WHAT THE TASK REQUIRES: Skip any pictures. Repeat the data exactly, from its first line through the line that holds "kuni | 240 W |", both included.

Stored items from a collection:
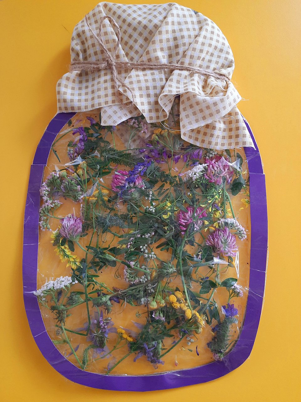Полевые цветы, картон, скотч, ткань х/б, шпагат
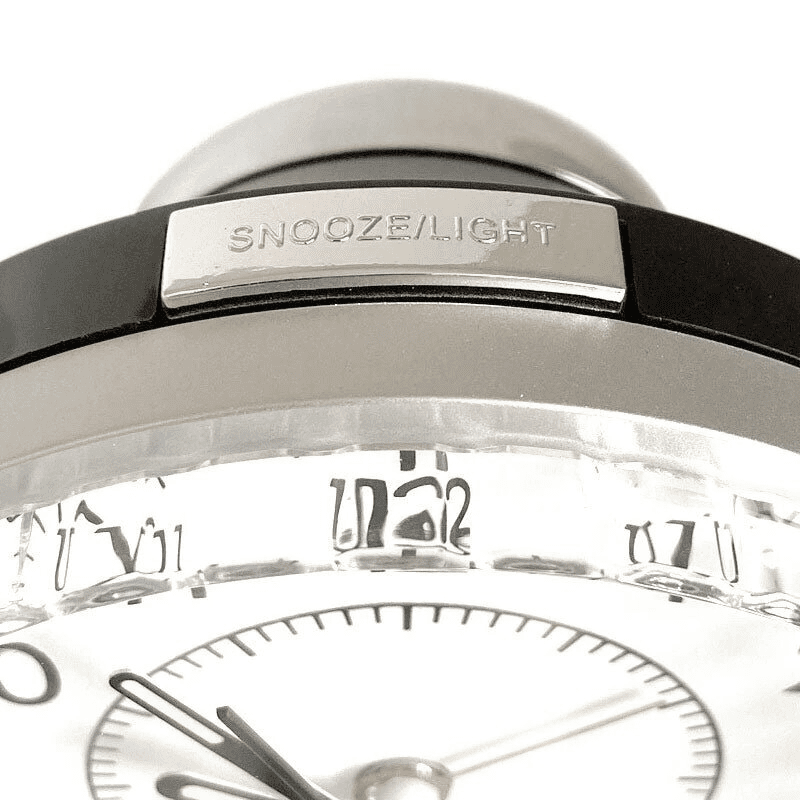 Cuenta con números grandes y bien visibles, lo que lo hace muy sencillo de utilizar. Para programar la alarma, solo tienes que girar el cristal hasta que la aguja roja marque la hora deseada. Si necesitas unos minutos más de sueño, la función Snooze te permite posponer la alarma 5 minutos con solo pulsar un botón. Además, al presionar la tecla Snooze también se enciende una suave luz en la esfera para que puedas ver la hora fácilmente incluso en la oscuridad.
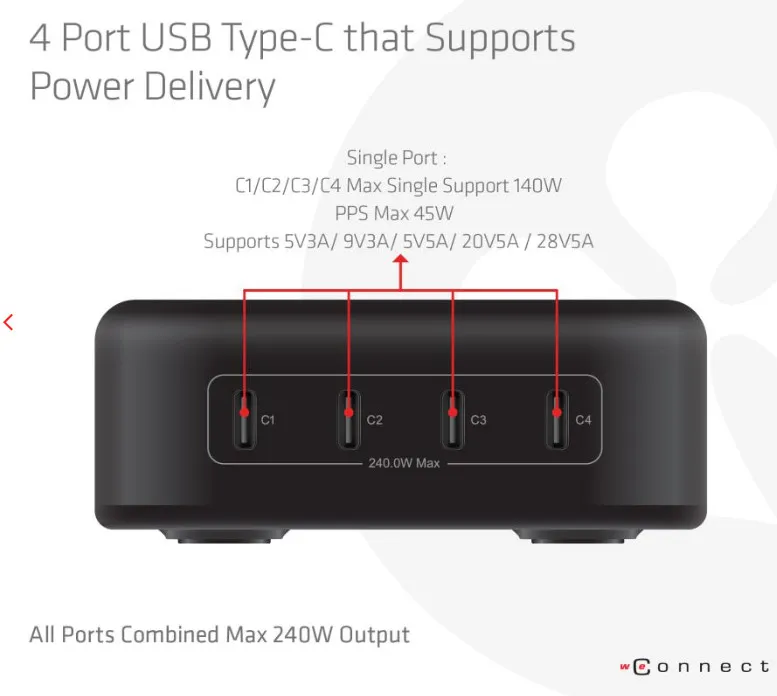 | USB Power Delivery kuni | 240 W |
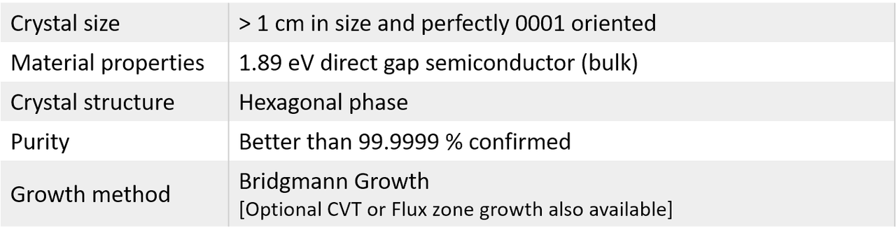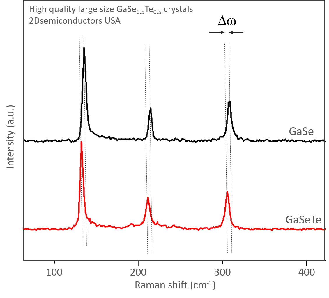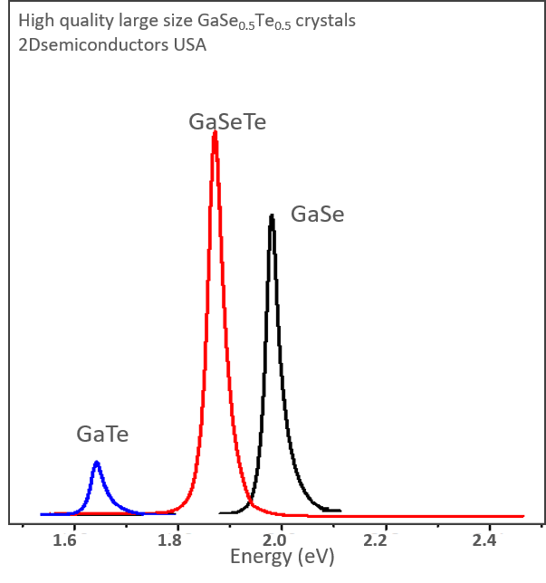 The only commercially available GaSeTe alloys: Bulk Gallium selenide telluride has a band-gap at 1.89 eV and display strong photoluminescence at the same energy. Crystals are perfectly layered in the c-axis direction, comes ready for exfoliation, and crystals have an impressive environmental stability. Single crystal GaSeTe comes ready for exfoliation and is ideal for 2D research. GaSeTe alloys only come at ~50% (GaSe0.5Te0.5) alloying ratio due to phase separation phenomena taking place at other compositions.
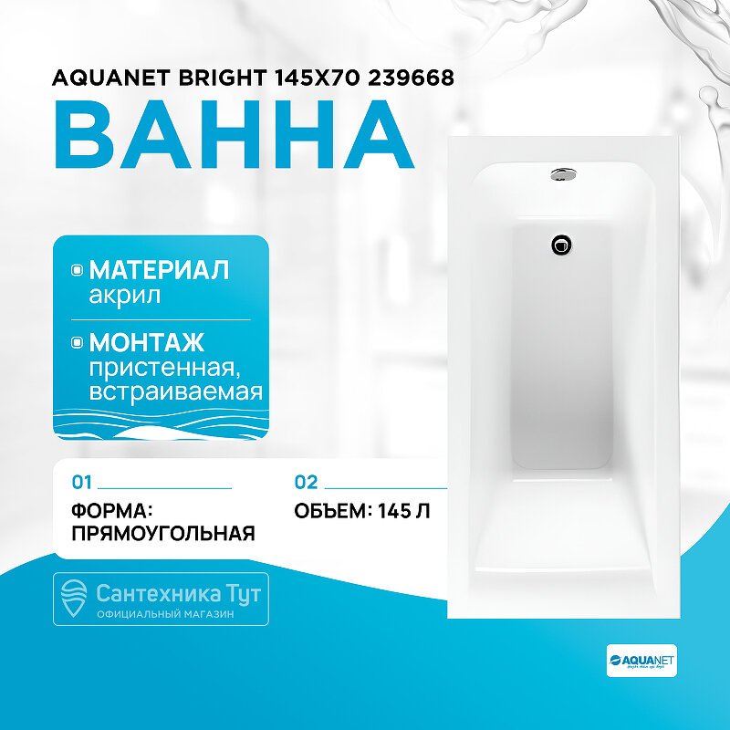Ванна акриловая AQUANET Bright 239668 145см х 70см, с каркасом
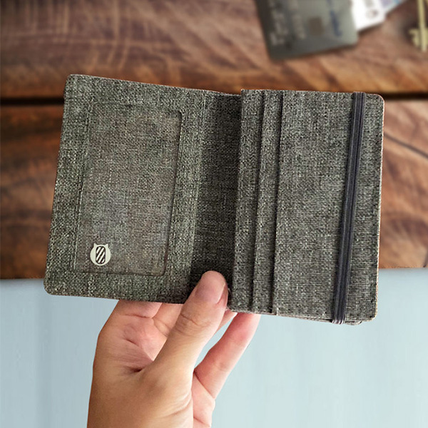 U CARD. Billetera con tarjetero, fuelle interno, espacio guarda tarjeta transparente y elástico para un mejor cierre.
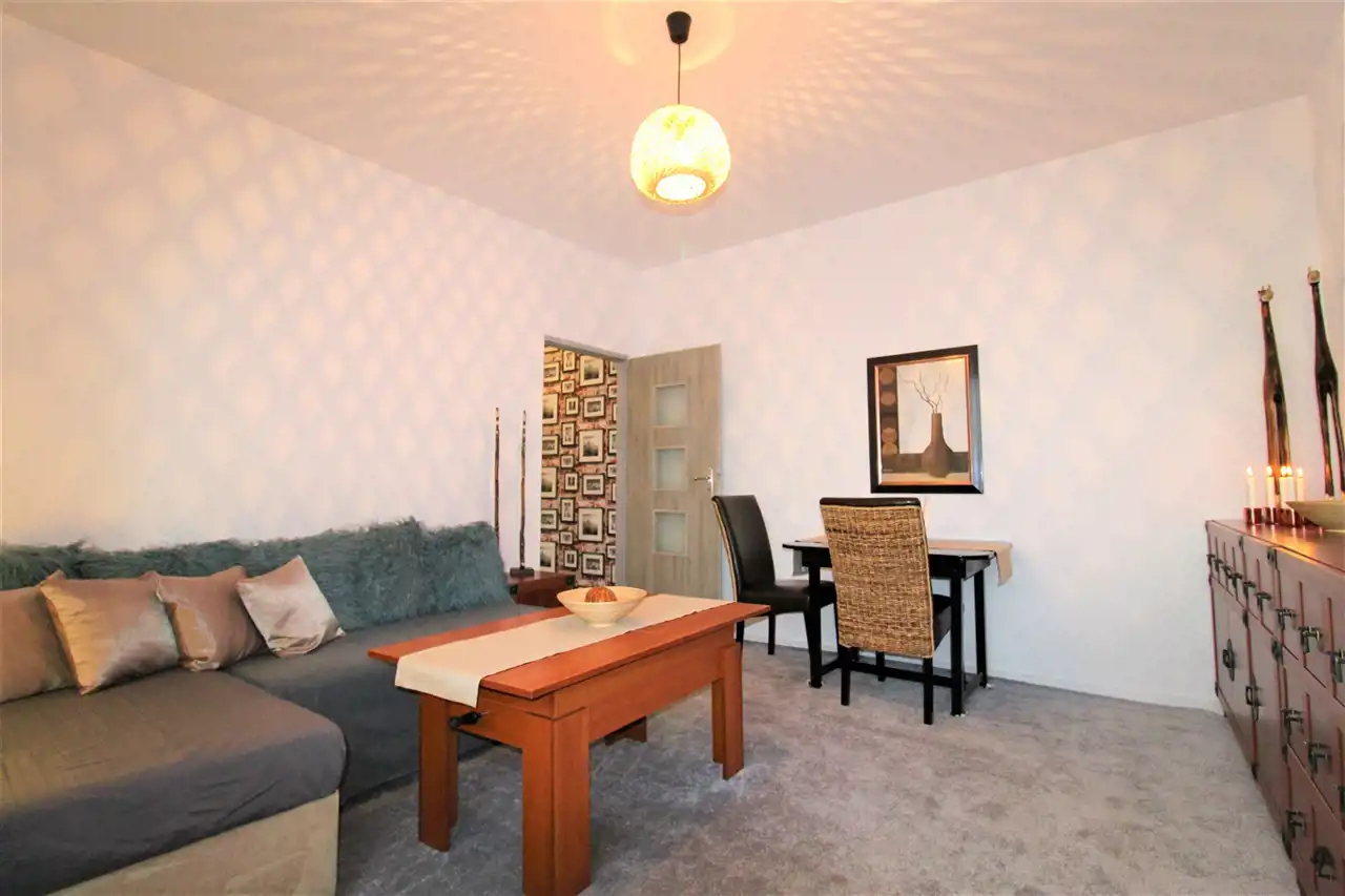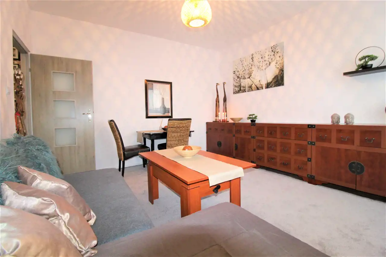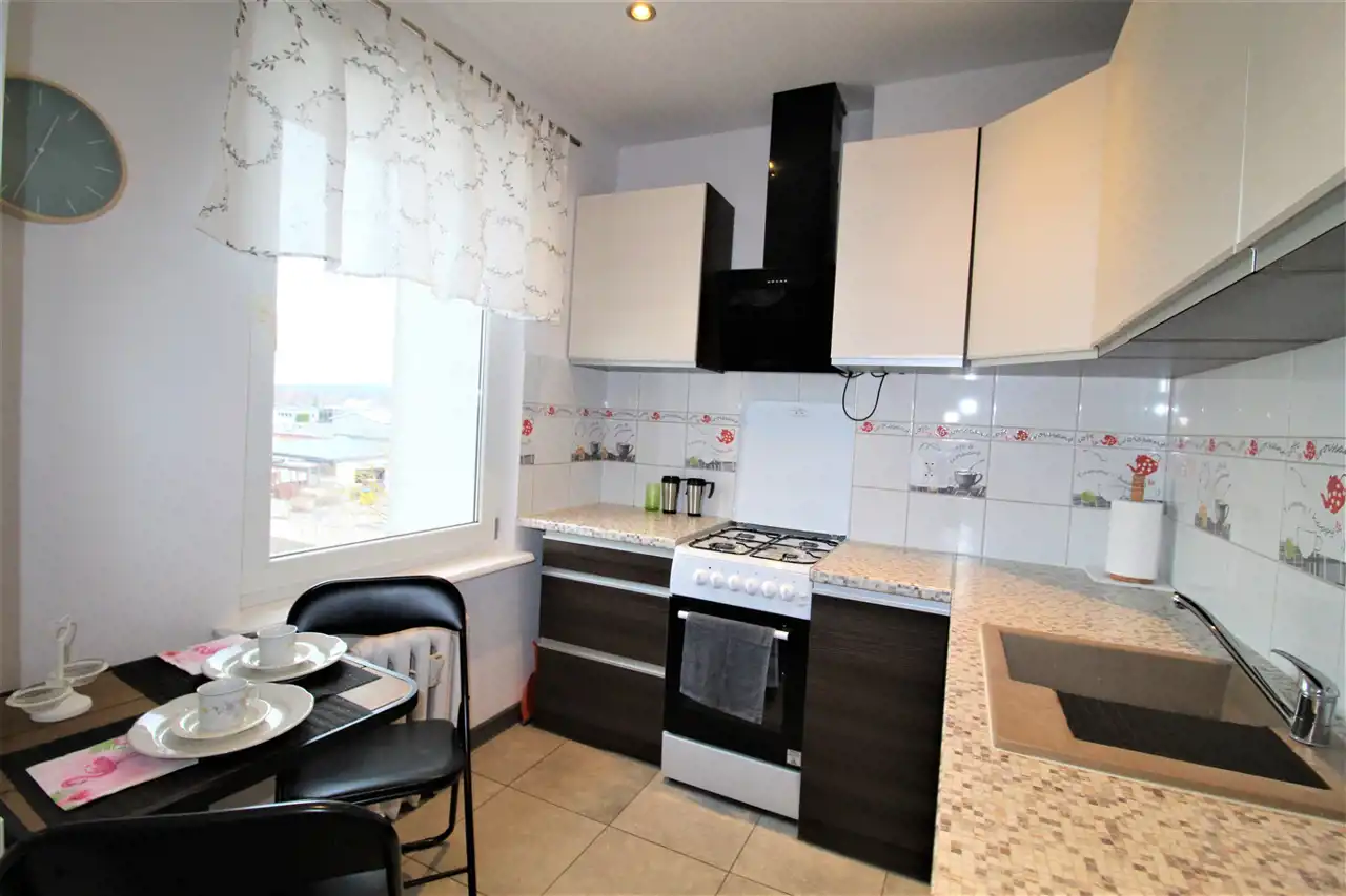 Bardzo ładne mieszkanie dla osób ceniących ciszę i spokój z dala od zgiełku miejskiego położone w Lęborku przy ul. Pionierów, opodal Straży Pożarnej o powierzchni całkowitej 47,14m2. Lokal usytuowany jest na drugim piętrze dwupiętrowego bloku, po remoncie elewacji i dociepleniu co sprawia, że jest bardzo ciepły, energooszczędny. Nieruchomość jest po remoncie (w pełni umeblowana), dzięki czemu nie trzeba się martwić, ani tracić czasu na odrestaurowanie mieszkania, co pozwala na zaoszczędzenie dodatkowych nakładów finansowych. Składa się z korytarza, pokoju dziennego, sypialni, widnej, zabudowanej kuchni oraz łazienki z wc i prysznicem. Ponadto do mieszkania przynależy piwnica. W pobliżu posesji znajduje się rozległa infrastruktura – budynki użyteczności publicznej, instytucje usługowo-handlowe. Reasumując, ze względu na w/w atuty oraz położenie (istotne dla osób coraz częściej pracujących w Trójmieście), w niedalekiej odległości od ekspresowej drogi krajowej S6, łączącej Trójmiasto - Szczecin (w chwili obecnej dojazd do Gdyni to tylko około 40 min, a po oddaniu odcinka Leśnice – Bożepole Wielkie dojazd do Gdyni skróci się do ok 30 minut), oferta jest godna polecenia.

RESPONSE:
Полевые цветы, картон, скотч, ткань х/б, шпагат
 Cuenta con números grandes y bien visibles, lo que lo hace muy sencillo de utilizar. Para programar la alarma, solo tienes que girar el cristal hasta que la aguja roja marque la hora deseada. Si necesitas unos minutos más de sueño, la función Snooze te permite posponer la alarma 5 minutos con solo pulsar un botón. Además, al presionar la tecla Snooze también se enciende una suave luz en la esfera para que puedas ver la hora fácilmente incluso en la oscuridad.
 | USB Power Delivery kuni | 240 W |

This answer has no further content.